Work instruction = When you copy the listing, skip the images and return each line verbatim.

Information provided =
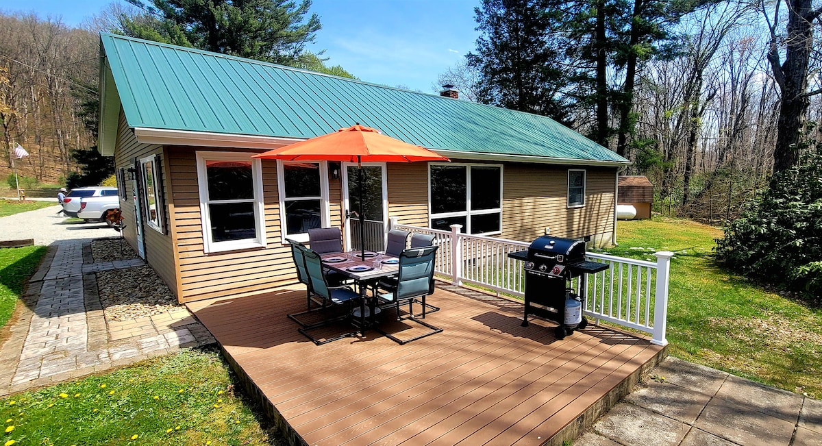 OHIOPYLE< SEVEN SPRINGS< FALLINGWATER <STATE GAME LANDS** * Ski, Bike, Patikointi, kelkkailu, metsästys, kala -1,5 mailia OHIOPYLElle, 20 minuuttia SEITSEMÄÄN LÄHTEESEEN!!! Täydellinen pariskuntien retriittiin tai viikonloppu ystävien kanssa. Söpö ja kodikas hauskalle lomalle. Ulkotulikuoppa. Täysin varustettu keittiö. Sijainti>Sijainti>Sijainti!! Talven erikoisuuksia saatavilla! Liinavaatteet ja pyyhkeet sisältyvät hintaan. 5 minuuttia Fallingwateriin 2 minuuttia koskenlaskuun, patikointiin ja pyöräilyyn
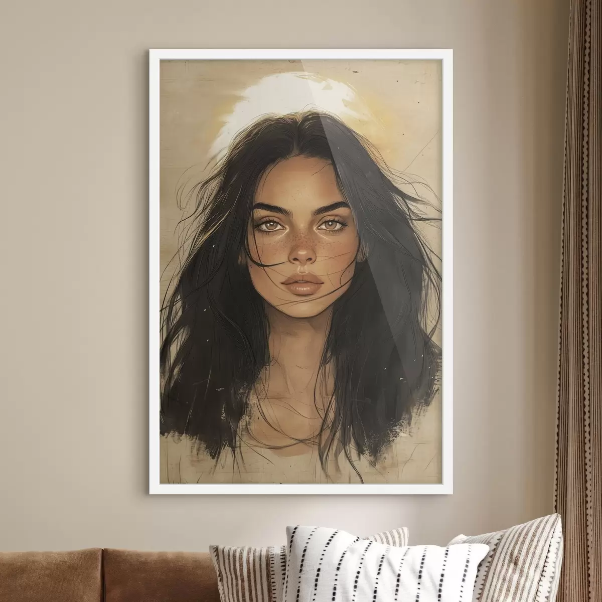 Plakat Naise portree, hõimu stiilis, beež värvid f42197
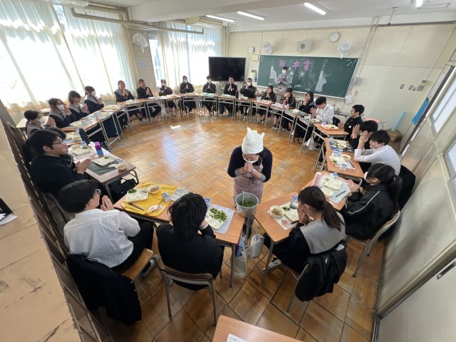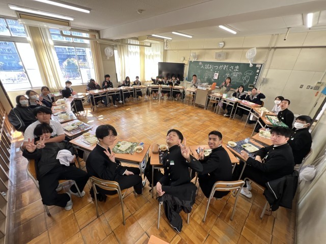 9年生にとっては、最後の給食となるので、みんなで輪になって食べました。今までおいしい給食を用意してくださったことへの感謝や、たくさんのメニューで何が好きだったかなどの話をしつつ、最後の給食を楽しみながら味わっていました。

Solution =
 OHIOPYLE< SEVEN SPRINGS< FALLINGWATER <STATE GAME LANDS** * Ski, Bike, Patikointi, kelkkailu, metsästys, kala -1,5 mailia OHIOPYLElle, 20 minuuttia SEITSEMÄÄN LÄHTEESEEN!!! Täydellinen pariskuntien retriittiin tai viikonloppu ystävien kanssa. Söpö ja kodikas hauskalle lomalle. Ulkotulikuoppa. Täysin varustettu keittiö. Sijainti>Sijainti>Sijainti!! Talven erikoisuuksia saatavilla! Liinavaatteet ja pyyhkeet sisältyvät hintaan. 5 minuuttia Fallingwateriin 2 minuuttia koskenlaskuun, patikointiin ja pyöräilyyn
 Plakat Naise portree, hõimu stiilis, beež värvid f42197
 9年生にとっては、最後の給食となるので、みんなで輪になって食べました。今までおいしい給食を用意してくださったことへの感謝や、たくさんのメニューで何が好きだったかなどの話をしつつ、最後の給食を楽しみながら味わっていました。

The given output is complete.